DAFTAR ISI
- Apa Itu Acepromazina
- Tips Tambahan untuk Hewan Peliharaan
- Kapan Harus ke Dokter
- Studi Terkait
- Referensi
- FAQ
Apa Itu Acepromazina?
Acepromazina (atau acepromazine) adalah obat golongan turunan fenotiazin yang secara luas digunakan dalam dunia kedokteran hewan. Obat ini berfungsi sebagai obat penenang (tranquilizer), sedatif, dan antiemetik (anti-mual) untuk hewan peliharaan, terutama anjing, kucing, dan kuda. Obat ini bekerja dengan cara memblokir reseptor dopamin di otak, yang pada gilirannya menekan sistem saraf pusat, sehingga menghasilkan efek menenangkan pada hewan.
Penting untuk dicatat bahwa acepromazina tidak memiliki sifat analgesik (pereda nyeri). Oleh karena itu, jika hewan sedang mengalami rasa sakit, obat ini hanya akan menenangkan secara fisik namun tidak menghilangkan nyeri yang dirasakan. Penggunaan obat ini harus selalu di bawah pengawasan ketat dan resep dokter, mengingat efeknya yang kuat terhadap tekanan darah dan sistem saraf hewan.

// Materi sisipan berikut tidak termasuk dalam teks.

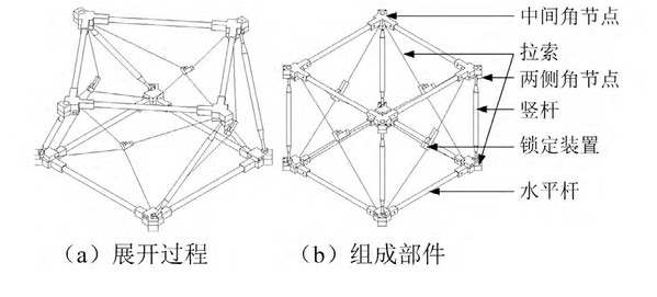 针对某一维可展桁架的球形铰链连接,利用动力学模型修正方法识别了其连接刚度特性。将可展结构进行简化处理,使其处于展开锁定状态,单独考虑铰链刚度。对锁定后的展开单元进行精细化有限元建模,利用接触分析方法,得到球铰连接等效线性刚度初值。建立展开单元的参数化模型,并采用六向刚度弹簧单元对球铰连接进行等效线性处理。对锁定状态下的可展开结构单元进行模态测试,利用试验模态参数识别球铰的连接刚度。将识别的连接刚度值带入由三个展开单元组成的一维可展桁架,通过与试验模态数据对比验证了识别结果的准确性。研究结果表明,利用该基于动力学模型修正的空间可展开结构球铰连接刚度识别方法,能够准确识别球铰连接刚度,建立准确的动力学分析模型。

Selain digunakan untuk keperluan medis di klinik, dokter hewan sering meresepkannya untuk pemilik hewan yang membutuhkan solusi agar peliharaan mereka tetap tenang selama perjalanan jauh, saat ada suara keras (seperti kembang api atau petir), atau sebelum prosedur perawatan (grooming) yang membuat hewan stres.
Penyebab dan Indikasi Penggunaan
Karena ini adalah obat dan bukan penyakit, bagian “penyebab” merujuk pada alasan atau indikasi mengapa hewan membutuhkan acepromazina. Beberapa kondisi utama meliputi:
- Kecemasan dan Fobia: Ketakutan ekstrem terhadap suara keras seperti badai petir, kembang api, atau suara mesin.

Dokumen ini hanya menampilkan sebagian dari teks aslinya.